- From: Young, Milan <Milan.Young@nuance.com>
- Date: Thu, 18 Nov 2010 17:33:34 -0800
- To: <public-xg-htmlspeech@w3.org>
- Message-ID: <1AA381D92997964F898DF2A3AA4FF9AD09630FE6@SUN-EXCH01.nuance.com>
Hello, On the Nov 18th conference, I volunteer to send out proposed wording for a new requirement: Summary - User agents and speech services are required to support at least one common protocol. Description - A common protocol will be defined as part of the final recommendation. It will be built upon some TBD existing application layer protocol and include support for the following: * Streaming audio data (e.g. HTTP 1.1 chunking).
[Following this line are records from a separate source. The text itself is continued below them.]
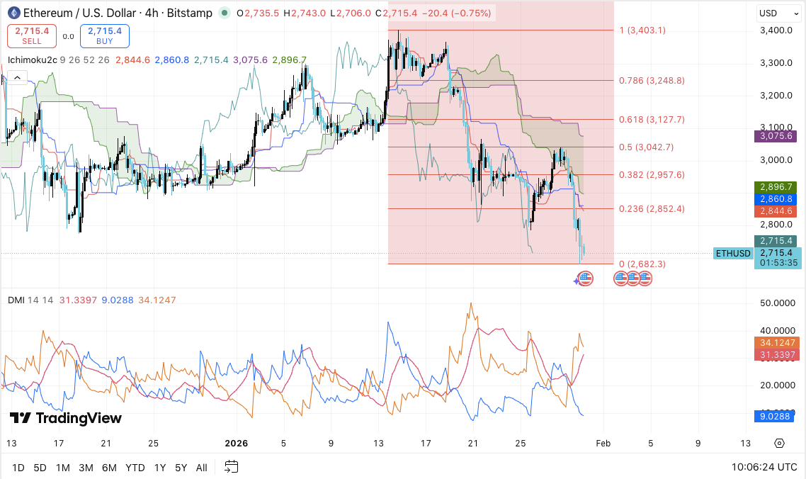 以太坊短期交易持續(xù)承壓,技術(shù)指標(biāo)、衍生品數(shù)據(jù)和現(xiàn)貨交易流向均顯示市場態(tài)度謹慎。在4小時圖上,ETH/USD在跌破關(guān)鍵斐波那契支撐位后,結(jié)構(gòu)性疲軟。除了圖表信號外,以太坊管理層近期披露的信息也為市場增添了新的關(guān)注點。
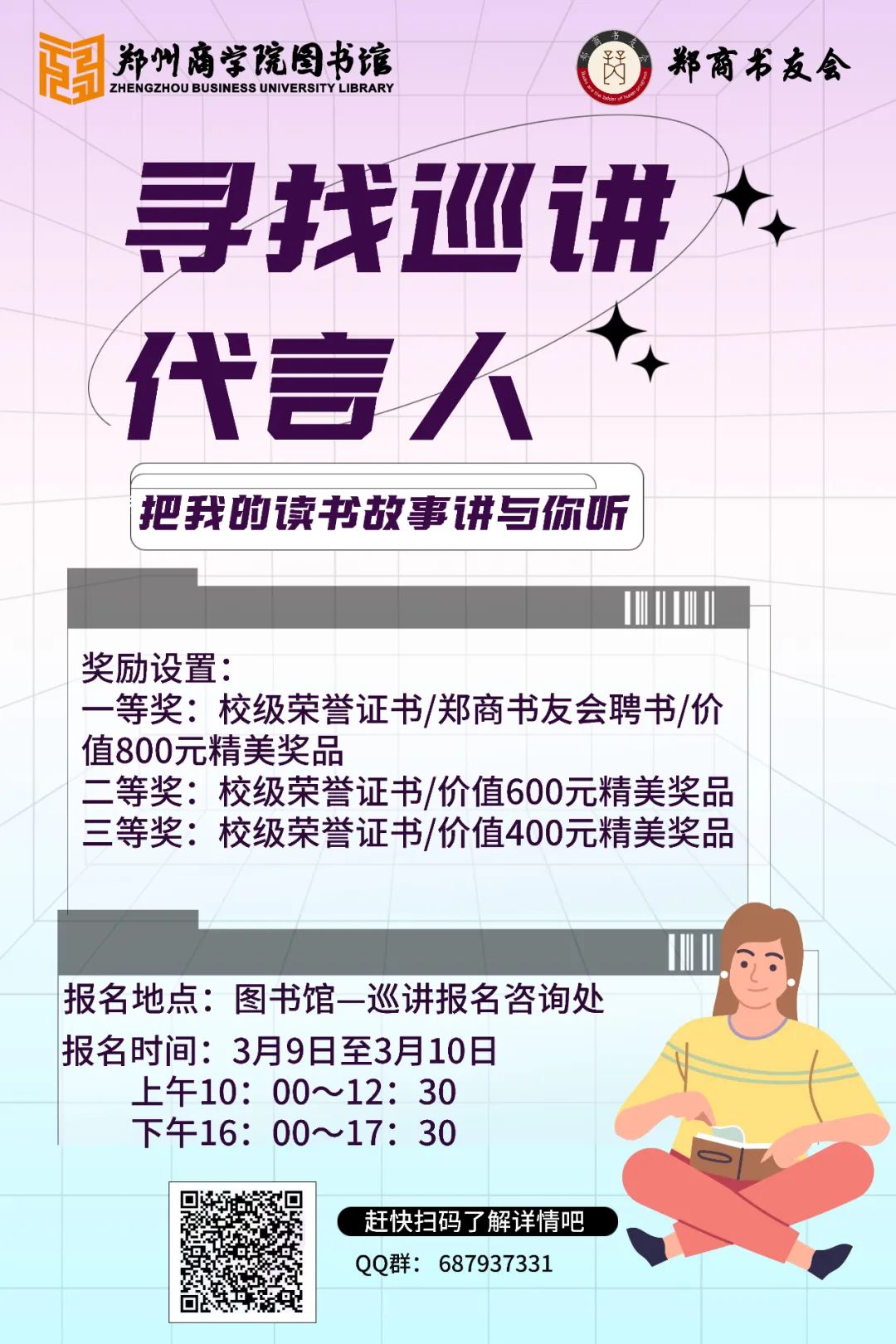 为深入推进书香校园阅读经典工程,加强同学们的阅读思考能力,努力搭建更好的阅读交流平台,图书馆将于本学期开展——学生阅读巡讲比赛活动,寻找最佳“巡讲代言人”。本次比赛由图书馆主办、郑商书友会协办,评选出的最优巡讲人将被聘用为“郑商书友会巡讲指导”。现将巡讲比赛相关事项通知如下:
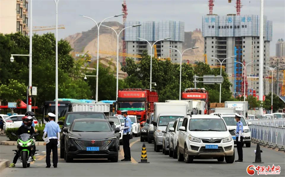 蘭州公安交警嚴格按照疫主城四區(qū)情防控措施要求,對非必要入城車輛進行查驗勸返。楊 釗/攝

This include both audio streamed from UA to SS during recognition and audio streamed from SS to UA during synthesis. * Bidirectional events which can occur anytime during the interaction. These events could originate either within the web app (e.g. click) or the SS (e.g. start-of-speech or mark) and must be transmitted through the UA in a timely fashion. The set of events include both standard events defined by the final recommendation and extension events. * Both standard and extension parameters passed from the web app to the speech service at the start of the interaction. List of standard parameters TBD. * EMMA results passed from the SS to the web app. The syntax of this result is TBD (e.g. XML and/or JSON). * At least one standard audio codec. UAs are permitted to advertise alternate codecs at the start of the interaction and SSs are allowed to select any such alternate (e.g. HTTP Accept). * Transport layer security (e.g. HTTPS) if requested by the web app. * Session identifier that could be used to form continuity across multiple interactions (e.g. HTTP cookies). * Interpretation over text. * Re-recognition using previous audio streams. Thank you
Received on Friday, 19 November 2010 01:34:08 UTC